# Starting Out - 1920S Cronograph



## Tom Barraclough (Mar 8, 2010)

Hello ladies and gents,

I have a silver 1920s Swiss chronograph, given to me on my 21st birthday a few years ago. I've had the pleasure of wearing this watch at a few events important to me, including my graduation from university and the weddings of friends and family. Unfortunately, it now has a problem. The watch does not run, and the winding crown feels slack. I'm guessing a broken mainspring.

so that leads me to my first question, can anyone recommend me a good watchmaker in Edinburgh, or elsewhere in reasonable driving distance?

Whist looking for someone to repair it, I have also decided to try and find out more about it, how it works and it's history.

Anyway, some pictures:

The face - the text reads "S Smith and son 9 strand" "Watchmaker to the admiralty" "131 105" and "swiss made"










The Case - the inside is hallmarked, see more below










The motion










And a close up:










Please excuse the quality of the pics, I might try to get some better ones at work sometime this week.

Anyway, I've been able to find some information, but am still lacking a date. The hallmarks inside are Swiss, and my interpretation of them is as follows:

Rampant bear: fine swiss silver for export, pre 1935

"0.935" in a box: fineness of silver

"ON" in box: possibly makers mark or date mark?

there is also an extremely small stamp that occurs all over the watch, but I can't really see it. it appears to be a rampant something in a shield. You can see it at 11 o'clock in the last picture.

The serial number in the case is 33352, which does not match the dial. does this imply the watch has been re-cased? or is it likely the number on the dial is the smith & sons serial, and the one in the case is the makers?

Looking at the motion, I think I identify a lever escapement. The balance wheel is made from a yellow metal wrapped around a white one, so I assume it is temperature compensated (bimetallic strip?). Is the presence of small screw-in masses on the balance wheel evidence of the watch being adjusted for several positions?

If any of you have any comments, or can tell me more about the watch, I would appreciate it. feel free to correct/rubbish my research so far.

I would particularity like to know a date and maker.

Tom


----------



## Seismic one (Jun 21, 2008)

Hello Tom, i could well be on the wrong track but i think i have seen a watch very similar to yours but i cannot remember where it was a longines and cased in one exactly the same, which is a swiss made case the same as one used by Longines. Contact the Longines museum curator by email with your case number and a photo i have found them very helpful.I have a chronograph with no name but has been verified as a longines by them mines is a 1899 L 19.73 N. They also informrd me that some retailers ordered watches without the Longines logo.


----------



## Tom Barraclough (Mar 8, 2010)

could it be this you are remembering?

http://www.cjbalm.com/watches/watch163.htm

I turns up if I google Longines chronograph and the case is very similar, but the motion is different.

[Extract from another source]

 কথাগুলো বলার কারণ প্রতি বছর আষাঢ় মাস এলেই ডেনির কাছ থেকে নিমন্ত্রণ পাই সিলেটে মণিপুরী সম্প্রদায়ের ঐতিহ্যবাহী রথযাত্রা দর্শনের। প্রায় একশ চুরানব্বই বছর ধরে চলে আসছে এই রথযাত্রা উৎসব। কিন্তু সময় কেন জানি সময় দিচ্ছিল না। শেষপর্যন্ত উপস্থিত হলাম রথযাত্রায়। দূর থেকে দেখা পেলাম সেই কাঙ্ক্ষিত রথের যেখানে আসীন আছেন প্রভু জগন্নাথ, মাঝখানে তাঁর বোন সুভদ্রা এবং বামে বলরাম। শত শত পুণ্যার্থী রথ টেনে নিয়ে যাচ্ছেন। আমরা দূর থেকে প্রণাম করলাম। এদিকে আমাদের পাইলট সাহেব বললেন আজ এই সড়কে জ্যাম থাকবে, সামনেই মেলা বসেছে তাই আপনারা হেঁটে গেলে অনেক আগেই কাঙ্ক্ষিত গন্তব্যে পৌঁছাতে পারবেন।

I've had a look at the Longines website and it doesn't quite seem to match - my serial number is only 33352, and longines were over a million by 1899. I'll drop them an email anyway, can't hurt.

thanks,

Tom


----------



## ValvesRule (May 20, 2009)

It is temperature compensated, yes. The metals are Brass and probably Steel.

As the temperature rises, the Balance Spring gets weaker, causing the Watch to slow down.

The Brass of the rim expands more than the Steel, bending the ends of the rim sections inwards (notice the gaps in the rim), effectively reducing the diameter of the Wheel. This causes it to speed up - except it doesn't because of the heat's effect on the Spring, so the rate remains constant.

I am not sure about using the screws to adjust for various positions; this could be done before those screws started to be used.

Four of the screws - probably including the two nearest the ends of the rim sections - control the effect of the compensation at two extreem temperatures. At temperatures other than these the Watch will run very slightly fast or slow.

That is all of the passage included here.